TASK GOAL — Output the listing exactly, without its pictures.

DATA SHOWN —
========================

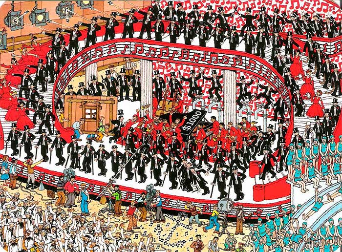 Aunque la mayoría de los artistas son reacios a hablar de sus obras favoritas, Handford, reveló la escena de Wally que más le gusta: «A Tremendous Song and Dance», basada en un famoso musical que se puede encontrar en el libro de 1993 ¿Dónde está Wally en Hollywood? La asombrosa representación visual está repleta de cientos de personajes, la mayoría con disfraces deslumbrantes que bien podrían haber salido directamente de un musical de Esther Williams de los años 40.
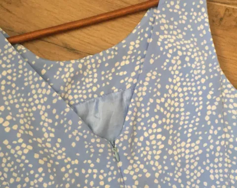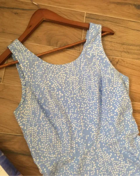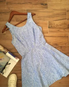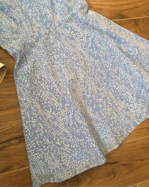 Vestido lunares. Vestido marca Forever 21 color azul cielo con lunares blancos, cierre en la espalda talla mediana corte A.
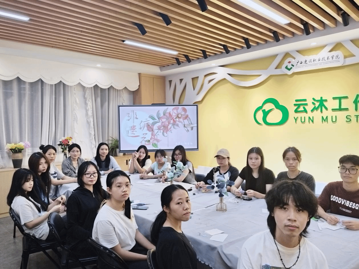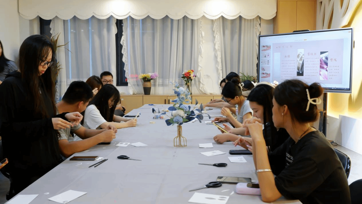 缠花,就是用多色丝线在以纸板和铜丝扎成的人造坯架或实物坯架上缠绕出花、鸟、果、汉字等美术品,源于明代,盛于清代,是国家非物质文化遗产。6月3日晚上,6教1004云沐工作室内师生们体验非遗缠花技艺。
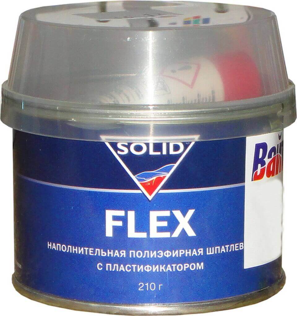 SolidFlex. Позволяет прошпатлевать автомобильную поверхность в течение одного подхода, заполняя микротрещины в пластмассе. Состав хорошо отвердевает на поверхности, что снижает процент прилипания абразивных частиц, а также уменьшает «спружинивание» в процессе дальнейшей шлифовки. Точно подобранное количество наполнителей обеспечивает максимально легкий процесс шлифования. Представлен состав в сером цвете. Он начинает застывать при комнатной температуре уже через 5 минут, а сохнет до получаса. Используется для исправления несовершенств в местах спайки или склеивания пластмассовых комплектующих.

========================

OUTPUT BELOW —
 Aunque la mayoría de los artistas son reacios a hablar de sus obras favoritas, Handford, reveló la escena de Wally que más le gusta: «A Tremendous Song and Dance», basada en un famoso musical que se puede encontrar en el libro de 1993 ¿Dónde está Wally en Hollywood? La asombrosa representación visual está repleta de cientos de personajes, la mayoría con disfraces deslumbrantes que bien podrían haber salido directamente de un musical de Esther Williams de los años 40.
 Vestido lunares. Vestido marca Forever 21 color azul cielo con lunares blancos, cierre en la espalda talla mediana corte A.
 缠花,就是用多色丝线在以纸板和铜丝扎成的人造坯架或实物坯架上缠绕出花、鸟、果、汉字等美术品,源于明代,盛于清代,是国家非物质文化遗产。6月3日晚上,6教1004云沐工作室内师生们体验非遗缠花技艺。
 SolidFlex. Позволяет прошпатлевать автомобильную поверхность в течение одного подхода, заполняя микротрещины в пластмассе. Состав хорошо отвердевает на поверхности, что снижает процент прилипания абразивных частиц, а также уменьшает «спружинивание» в процессе дальнейшей шлифовки. Точно подобранное количество наполнителей обеспечивает максимально легкий процесс шлифования. Представлен состав в сером цвете. Он начинает застывать при комнатной температуре уже через 5 минут, а сохнет до получаса. Используется для исправления несовершенств в местах спайки или склеивания пластмассовых комплектующих.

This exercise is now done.